Over the years, I've tried my hand at creating a number of stats in an attempt to help us better understand the players that drive our fantasy baseball
games. Some have been quite innovative, others are merely practical, and others have fallen by the wayside, but I thought it would be useful to
present them all here, in one place, for easy reference (with links to the original article introducing the stat).
Pitching Stats | Hitting Stats
Pitching Stats
CAPS (Context Adjusted Pitching Statistics):
Context is everything. This is perhaps the most underrated, misunderstood, and ignored
concepts in player evaluation. CAPS seeks to rectify this. Over the past couple years, nearly all fantasy websites have begun to realize that stats
like strikeout rate and walk rate are better indicators of a pitcher's true skill than ERA or WHIP, so CAPS is an attempt to take things a step
further.
The context in which a player posts his stats are key. Are they accumulated in the American League or the National League? A "pitcher's" ballpark or
a "hitter's" ballpark? Against good batters or poor batters? If a pitcher faces a disproportionate number of Adam Dunn-type hitters, he is going to
strike out and walk more batters and allow more home runs than we'd expect. Because a pitcher has no ability to control the batters he faces, though,
we can't consider this a repeatable skill and must, therefore, neutralize a pitcher's stat line based on the opposition he faces. The same thing goes
for any other number of contextual factors.
The last published record of CAPS accounted for:
- Past home ballpark
- Current home ballpark
- Past road ballparks
- Current road ballparks
- Past quality of opponents (neutralized)
- League switch adjustments
- Ground balls adjusted for league average line drive rate (xGB)

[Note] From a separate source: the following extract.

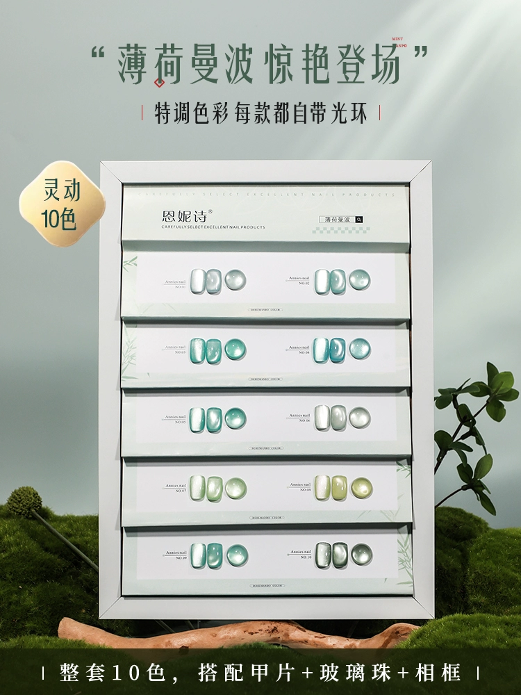 Mint Manbo Wind Flash glass beaded cat eye nail polish 2025 new autumn and winter white nail phototherapy glue

Since then, I've added adjustments for quality of catcher, quality of umpire, and pitcher role change (starter/reliever).
—
THT 1/5/09 |
THT 1/28/09
xGB% (Expected Groundball Percentage): Ground balls are a better result for a pitcher than a flyball because fly balls become extra base hits
ten times more often than groundballs do, and groundballs are almost never home runs. Actual ground ball percentage can be misleading, though, if a
pitcher allows or prevents line drives at an abnormal rate. Because line drive percentage is so unstable, xGB% first assumes a league average line
drive rate and then recalculates ground ball percentage based on that.
—
THT 7/17/07
DIPS WHIP: A take-off of LIPS (Luck Independent) ERA, DIPS WHIP tries to neutralize some of the variance inherent in WHIP. DIPS WHIP
assumes a league average line drive rate and adjusts a pitcher's other batted ball percentages accordingly. It then assumes a league average rate of
hits on each batted ball type, combines these hits with a pitcher's actual walks, and divides by innings pitched to arrive at DIPS WHIP.
—
THT 7/15/07
xBABIP (Expected Batting Average on Balls in Play): While we often say that a pitcher has little control over his BABIP — and this is true
— they do not relinquish all control. Most importantly, we know that a pitcher has a lot of control over his groundballs and flyballs, a good
amount of control over his pop-ups, and little control over his line drives. To calculate xBABIP, we first neutralize line-drive rate and adjust the
other three rates accordingly (like we do to calculate xGB%). Then we assume a league average rate of hits on all types of batted balls. Add up those
hits, and we can calculate an expected BABIP.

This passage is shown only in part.